Cheap-looking CGI vignettes cycle through the ages, jumping millions of years to show the small stories of various species. All of these ‘acts’ are given the kind of Disney treatment that would suggest that this is merely Ice Age for adults, with its brightly-coloured, doe-eyed dinos. Most disturbing of all is a worryingly poor scene, involving the skeletons of London’s Natural History Museum being regenerated to life and scaring the general public. Along the way, Herzog throws in sporadic quasi-philosophical commentary in an attempt to create a sense of drama for the on-screen action – but even this lacks any genuine gravitas.

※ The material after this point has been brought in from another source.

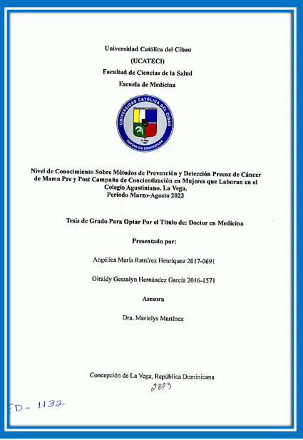 Nivel de conocimiento sobre métodos de prevención y detección precoz de cáncer de mama pre y post campaña de concientización en mujeres que laboran en el Colegio Agustiniano. La Vega. Período marzo-agosto 2023 / Angélica María Ramírez Henríquez, Giraldy Gessalyn Hernández García; asesor Marielys Martínez

Comparisons can be drawn to the scene in Terrence Malick’s Tree of Life (2011), of a predatory dinosaur showing mercy to its prey. A half-baked philosophical injection into the lives of these giant lizards was strained then, and is even more so in the 83 minutes of Dinotasia. Herzog’s commentary also carries a religious tone; space is referred to as ‘the heavens’, along with poetic lines that attempt to express the grandeur of life and death. Unfortunately the effect is incredibly jarring and unsuccessful, the tone falling somewhere between a low budget Discovery Channel documentary and an A-Level philosophy paper.

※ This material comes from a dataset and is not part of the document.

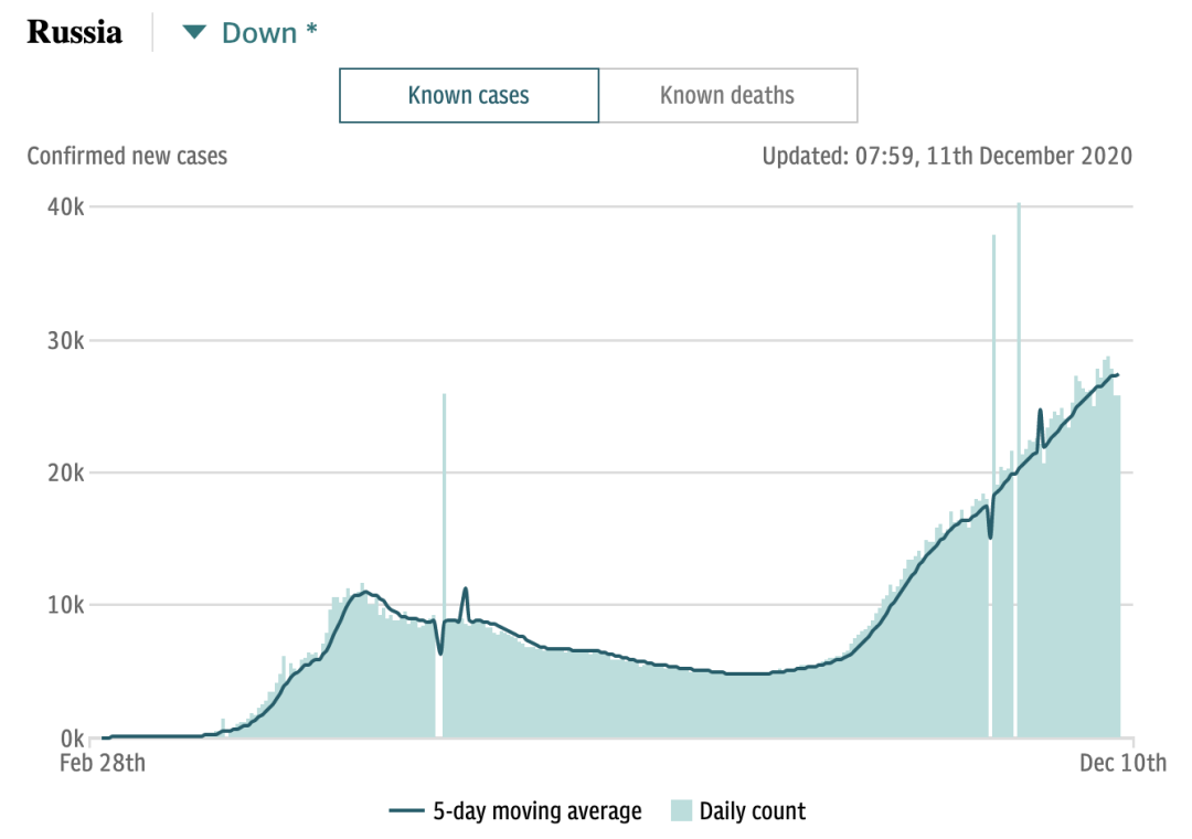 目前,俄罗斯总死亡人数为45,893人,而感染人数则跃升至2,597,711人,俄罗斯的病例从减缓到再次攀升,目前位居世界第四。

The individual stories also lack any real purpose, other than making the rather obvious comment that survival of the fittest is a hard way of life. Trying to instill life into this distant past is certainly an interesting idea, but there is little to actually be learnt from this documentary. New species discovered in the past 10 years have been used as some of the characters in Dinotasia’s multiple vignettes, but what they are actually called is glazed over, a disappointing omission.

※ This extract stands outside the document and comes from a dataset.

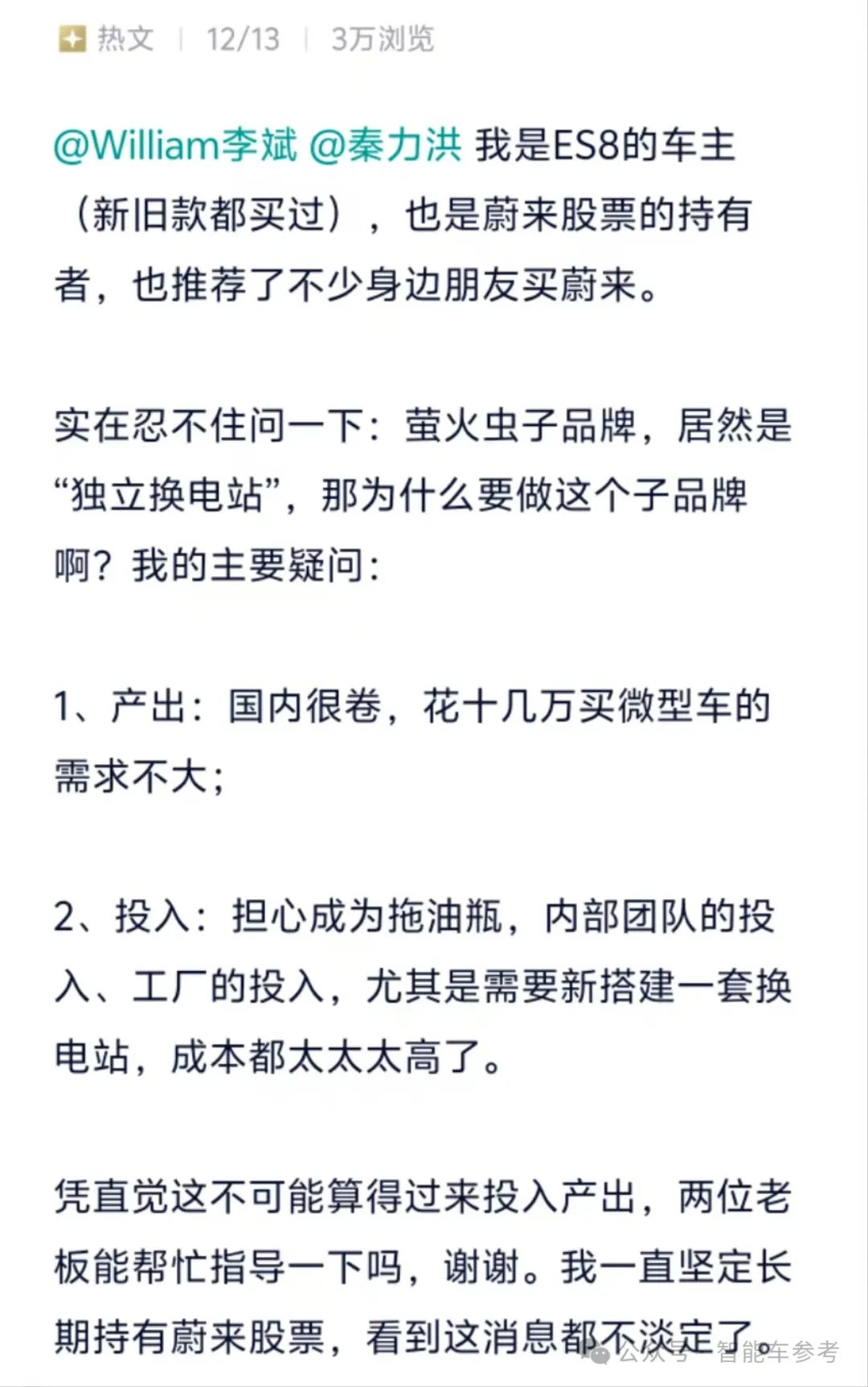 这篇帖子一下成为蔚来社区近期的热文,于是,李斌出来回应了:

Undoubtedly, the focus on dino-drama has been put in place to create a more human, relatable tale, yet lamentably the writing is too repetitive and poorly-judged to actually make these narratives engaging. Dinotasia has an interesting premise but is badly delivered, only partially saved from being utter dross by the soft Bavarian tones of Herzog – though even his heart doesn’t seem to be fully on board with this soap opera of the prehistoric age.